For example: The view 'vProductAndDescription' of AdventureWorks includes the 'ProductID' field, which is the primary key of the (leading) Product table. But the Entity Framework designer creates a primary key including all fields of the view.
So far, so bad. If I correct the primary key in the designer (set 'Entity key' only for the field ProductID to true), the conceptual model is updated, but not the storage model. In the XML I find the following entry:
<EntityType Name="vProductAndDescription">
<Key>
<PropertyRef Name="ProductID" />
<PropertyRef Name="Name" />
<PropertyRef Name="ProductModel" />
<PropertyRef Name="Culture" />
<PropertyRef Name="Description" />
</Key>
<Property Name="ProductID" Type="int" Nullable="false" />
<Property Name="Name" Type="nvarchar" Nullable="false" MaxLength="50" />
<Property Name="ProductModel" Type="nvarchar" Nullable="false" MaxLength="50" />
<Property Name="Culture" Type="nchar" Nullable="false" MaxLength="6" />
<Property Name="Description" Type="nvarchar" Nullable="false" MaxLength="400" />
</EntityType>
The key is not changed.

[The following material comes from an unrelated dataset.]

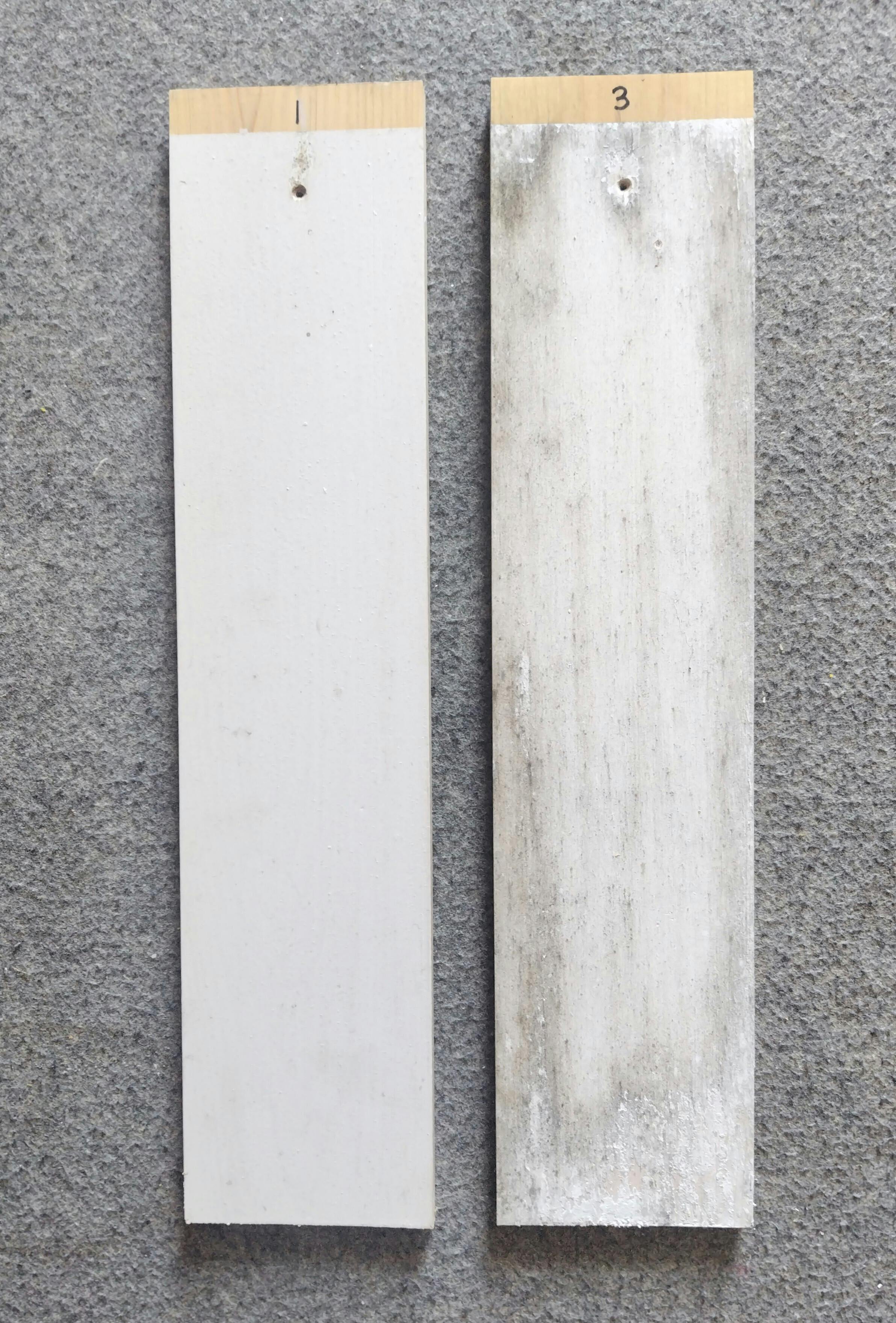画像右は未処理膠を使った胡粉膠塗料。左は植物ポリフェノールで耐水性抗菌性にした膠を使った胡粉膠塗料。右はカビが繁殖しています。耐水性抗菌性膠を使用して稲荷社を彩色します。

I have to change the key in the XML to get the entity model working (otherwise I would get the error that all key properties of the entity set must be assigned to all key properties of the table).
Another issue is, that a view (or table) which ich deleted in the designer is only deleted from the coceptual model, not from the storage model. To reinclude the view (or table), I have to restore the conceptual model or delete the entries from the storage model and add the view via updating in the designer.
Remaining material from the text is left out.